**WHAT THE TASK REQUIRES:**
Could you restate the data below word for word, without its pictures?

**DATA EXTRACT:**
##############################

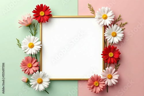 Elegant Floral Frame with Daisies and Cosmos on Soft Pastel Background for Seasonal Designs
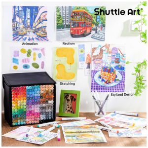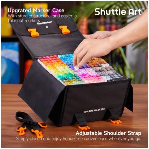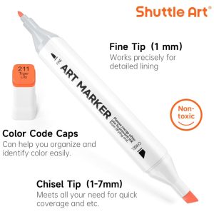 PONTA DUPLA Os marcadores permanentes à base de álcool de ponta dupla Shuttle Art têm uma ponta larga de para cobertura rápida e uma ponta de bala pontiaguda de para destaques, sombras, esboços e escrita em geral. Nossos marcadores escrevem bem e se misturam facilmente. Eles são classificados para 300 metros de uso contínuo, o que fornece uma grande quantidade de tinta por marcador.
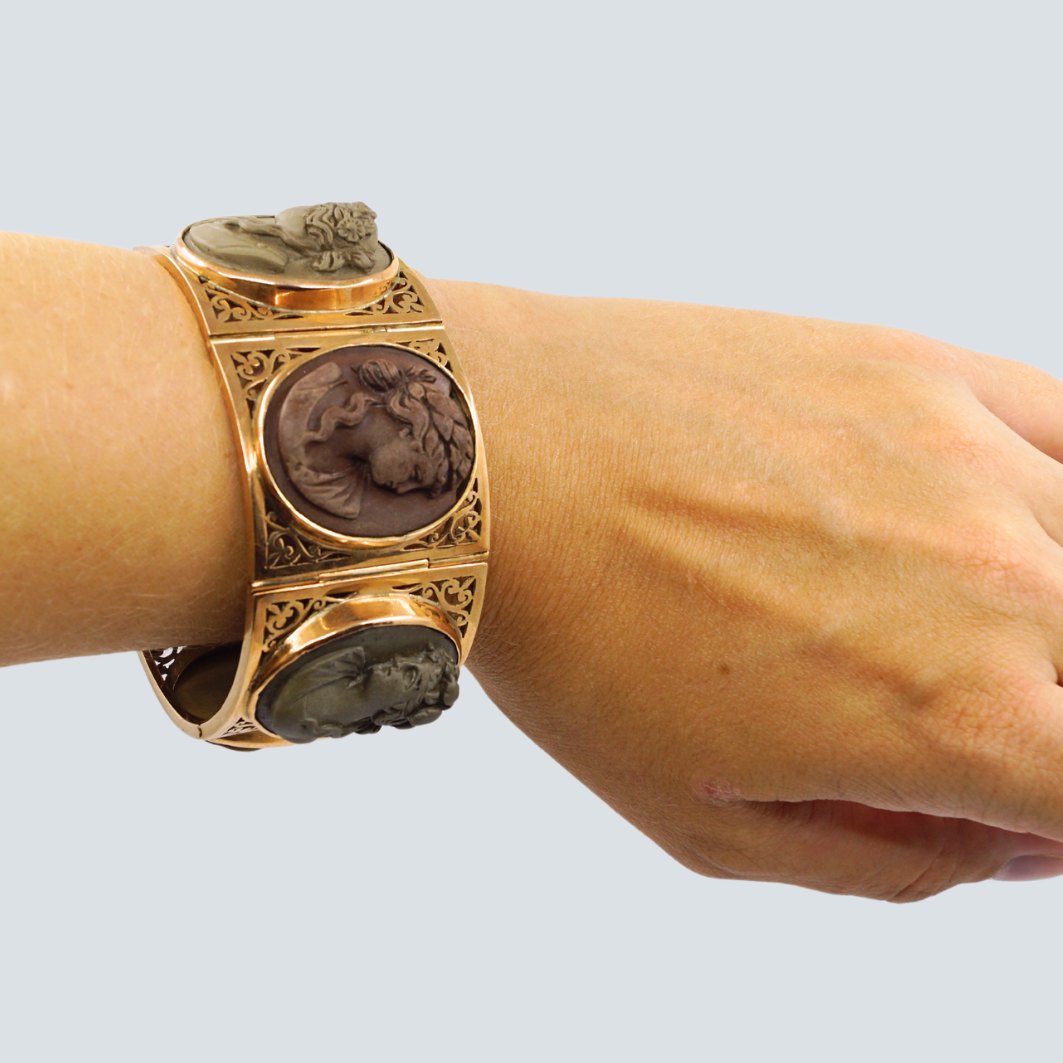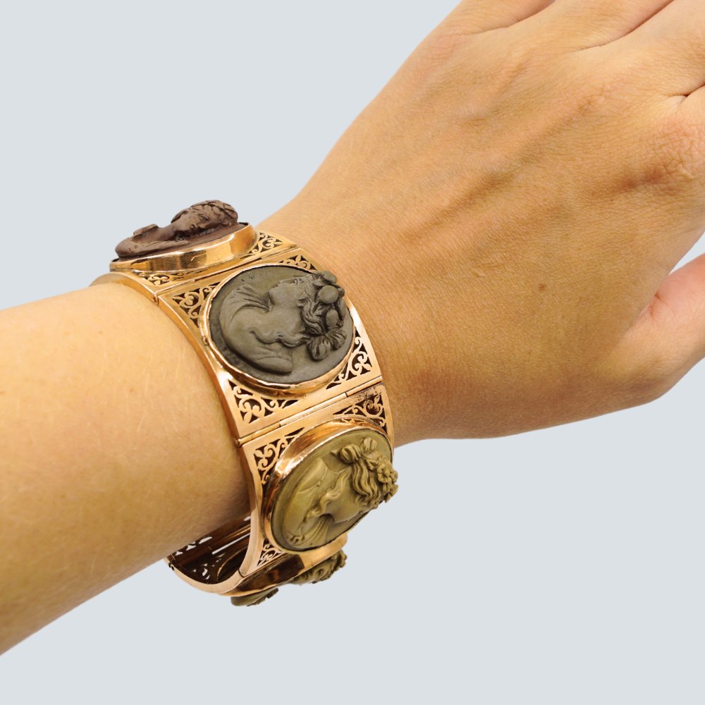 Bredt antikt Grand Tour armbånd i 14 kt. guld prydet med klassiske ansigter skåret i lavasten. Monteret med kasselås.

##############################

**ANSWER TO THIS EXERCISE:**
 Elegant Floral Frame with Daisies and Cosmos on Soft Pastel Background for Seasonal Designs
 PONTA DUPLA Os marcadores permanentes à base de álcool de ponta dupla Shuttle Art têm uma ponta larga de para cobertura rápida e uma ponta de bala pontiaguda de para destaques, sombras, esboços e escrita em geral. Nossos marcadores escrevem bem e se misturam facilmente. Eles são classificados para 300 metros de uso contínuo, o que fornece uma grande quantidade de tinta por marcador.
 Bredt antikt Grand Tour armbånd i 14 kt. guld prydet med klassiske ansigter skåret i lavasten. Monteret med kasselås.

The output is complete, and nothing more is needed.